**Directions for this task:** Copy only what lies from the line containing "Former vice president, Atiku" through the line containing "I’ve waited ALL" in the entries below, keeping both end lines exact and dropping every picture.
***
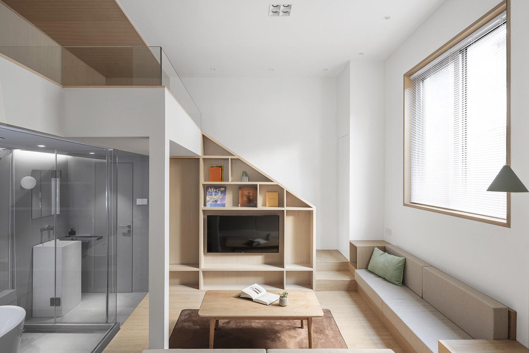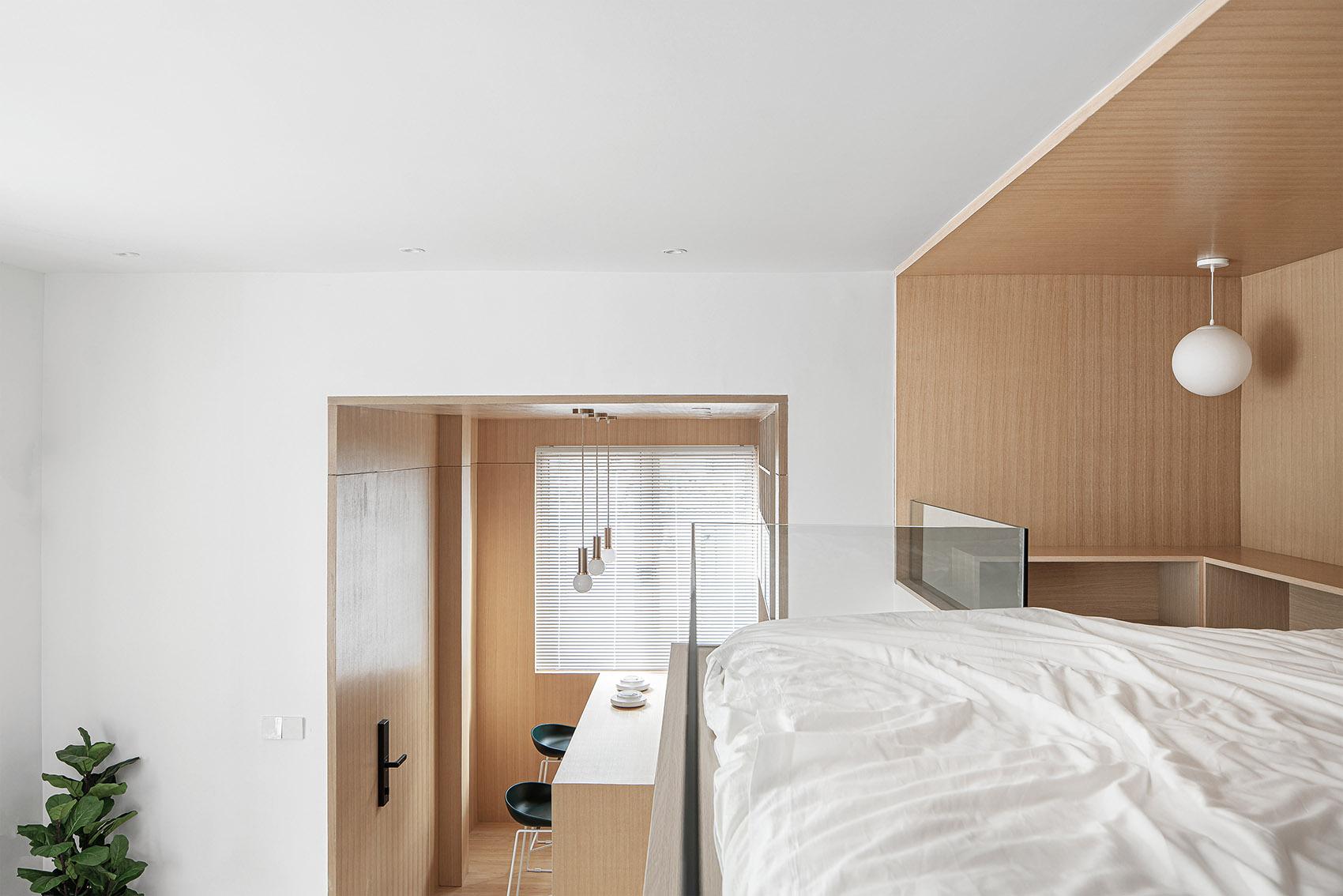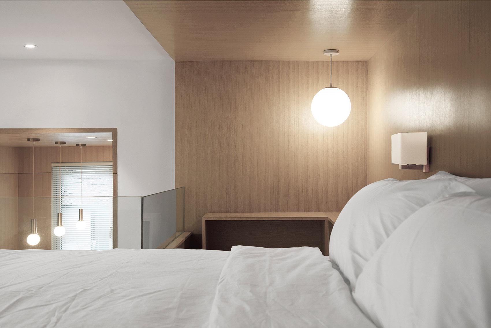 空间利用上,采用了 loft 结构,这是工装设计中优化垂直空间的巧妙手法。睡眠区被设置在二层,既充分利用了空间,又营造出独特的居住体验。为保障安全,同时不破坏空间的通透感,选用了玻璃护栏。玻璃的通透特性,让二层与一层视觉上相互连通,光线能自由穿梭,使整个空间更显开阔,仿佛与龙泉山的山野景致融为一体,旅客在睡眠区也能隐约感受到山下的生机与活力。一层则紧凑且合理地规划了客厅、厨房、卫浴等功能区,各区域既相对独立,又通过开放式的布局形成有机整体,方便旅客在不同功能区之间活动,契合民宿作为临时 “家” 的属性。
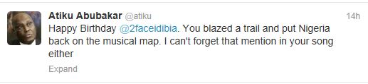 Former vice president, Atiku Abubakar sent a goodwill message to the superstar via Twitter.
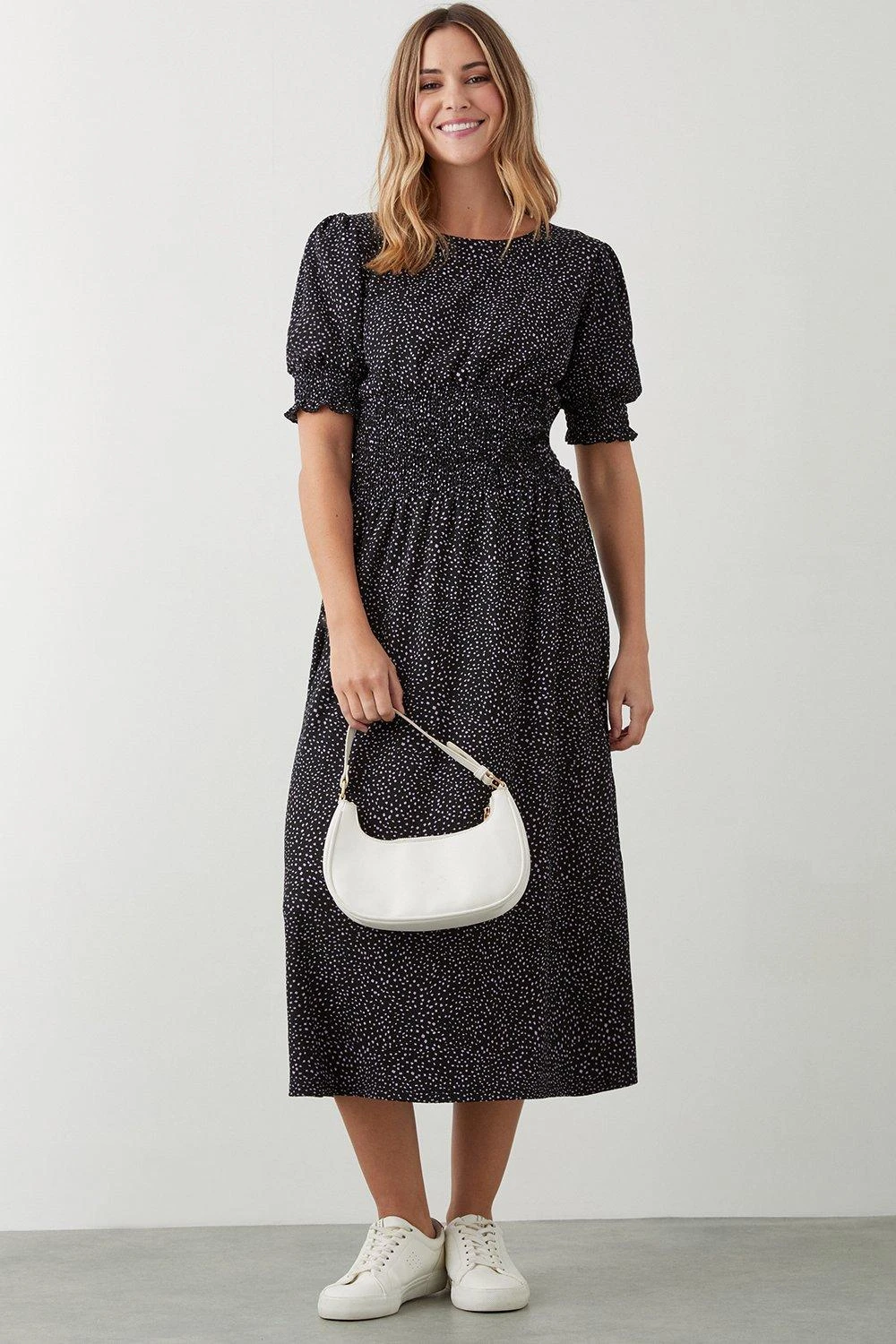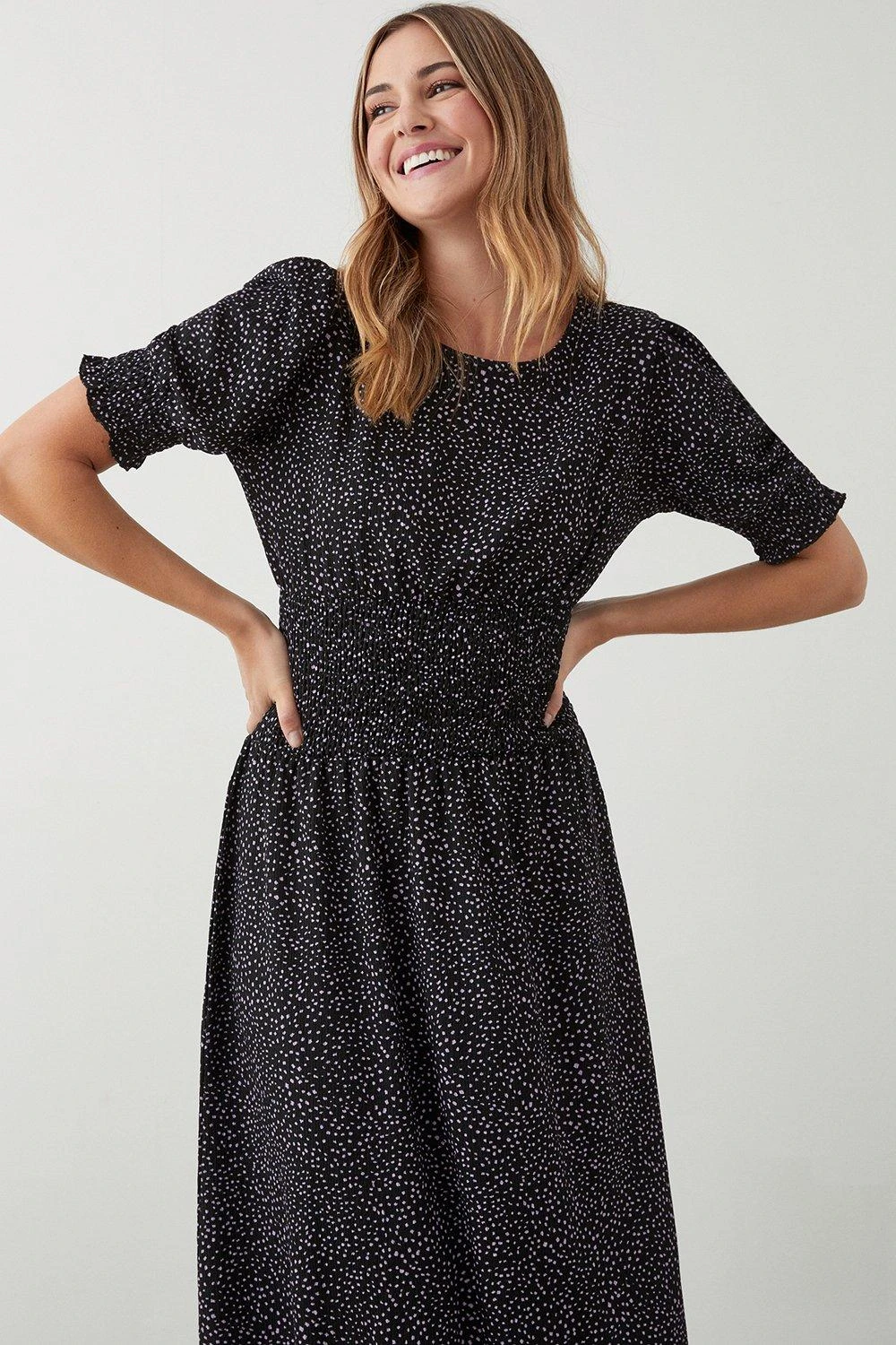Dorothy Perkins Spot Print Shirred Waist Midi Dress
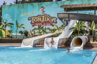 Хотелът има собствен пясъчен плаж със сертификат "Син флаг", 2 открити басейна със сладка вода, неотопляеми, 210 кв.м, 380 кв.м, отворени 08:30-18:30 ч. Тортуга Аква и тематичен парк (безплатен вход): 14 водни пързалки, отворени 10:00-18:00 ч. (храна и напитки срещу заплащане). Чадъри и шезлонги на плажа и при басейните се предоставят безплатно.
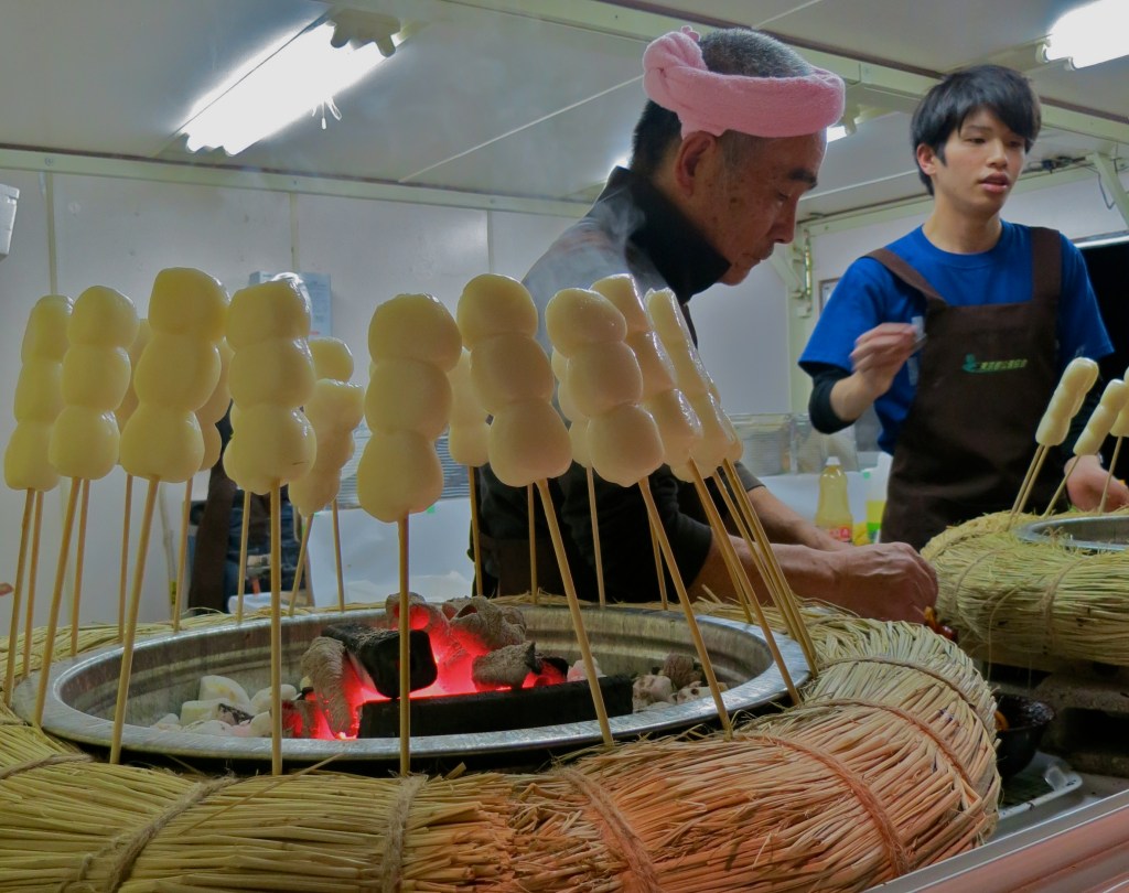 I’ve waited ALL YEAR for the Rikugi-en garden in Komagome to open up at night again for leaf-viewing, just so I can eat these gooey balls of delishitude on a stick. Skewered up and stuck in an old-fashioned rice-straw wreath, the freshly-pounded rice balls slowly melt into warm blobs of goodness, then are slathered in either miso or soy-based sauce. (I mention the latter only as a courtesy. Miso, all the way.)
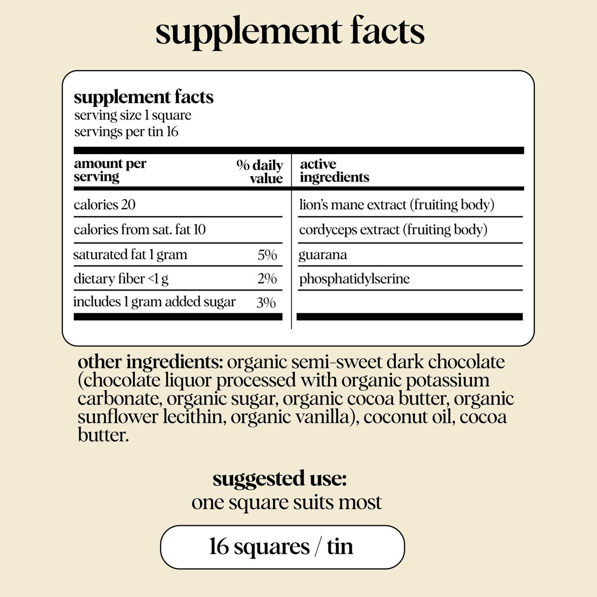 Expiration Date of 12/1/25 ? Premium Quality Ingredients - Brainstorm features fairly traded organic dark chocolate, organic Lion's Mane and organic Cordyceps from 100% fruiting body mushrooms, guarana, and phosphatidylserine. Vegan, gluten-free, dairy-free, and kosher with 66mg of natural caffeine ? Effective Cognitive Support - Our unique formula boosts long-term cognitive function while providing immediate focus and energy. With functional mushrooms, Guarana, and Phosphaditylserine, Brainstorm offers both instant gratification and lasting benefits ? Flexible Dosing Options - One Brainstorm square is ideal for most, delivering sharp focus and clean energy. For stronger, prolonged effects, enjoy a double dose. Each square contains 66mg of natural caffeine, equivalent to 2/3 cup of coffee ? Uncompromising Standards - We use organic, hand-harvested Lion's Mane and Cordyceps mushrooms, dried in the sun for optimal Vitamin D. All ingredients are third-party lab tested for safety, stability, and potency, ensuring the highest quality product ? Delicious and Convenient - Enjoy the rich taste of organic dark chocolate infused with the power of medicinal mushrooms, making it an easy and delicious way to support your cognitive health, memory, and overall well-being on-the-go
***
**Written solution:**
 Former vice president, Atiku Abubakar sent a goodwill message to the superstar via Twitter.
Dorothy Perkins Spot Print Shirred Waist Midi Dress
 Хотелът има собствен пясъчен плаж със сертификат "Син флаг", 2 открити басейна със сладка вода, неотопляеми, 210 кв.м, 380 кв.м, отворени 08:30-18:30 ч. Тортуга Аква и тематичен парк (безплатен вход): 14 водни пързалки, отворени 10:00-18:00 ч. (храна и напитки срещу заплащане). Чадъри и шезлонги на плажа и при басейните се предоставят безплатно.
 I’ve waited ALL YEAR for the Rikugi-en garden in Komagome to open up at night again for leaf-viewing, just so I can eat these gooey balls of delishitude on a stick. Skewered up and stuck in an old-fashioned rice-straw wreath, the freshly-pounded rice balls slowly melt into warm blobs of goodness, then are slathered in either miso or soy-based sauce. (I mention the latter only as a courtesy. Miso, all the way.)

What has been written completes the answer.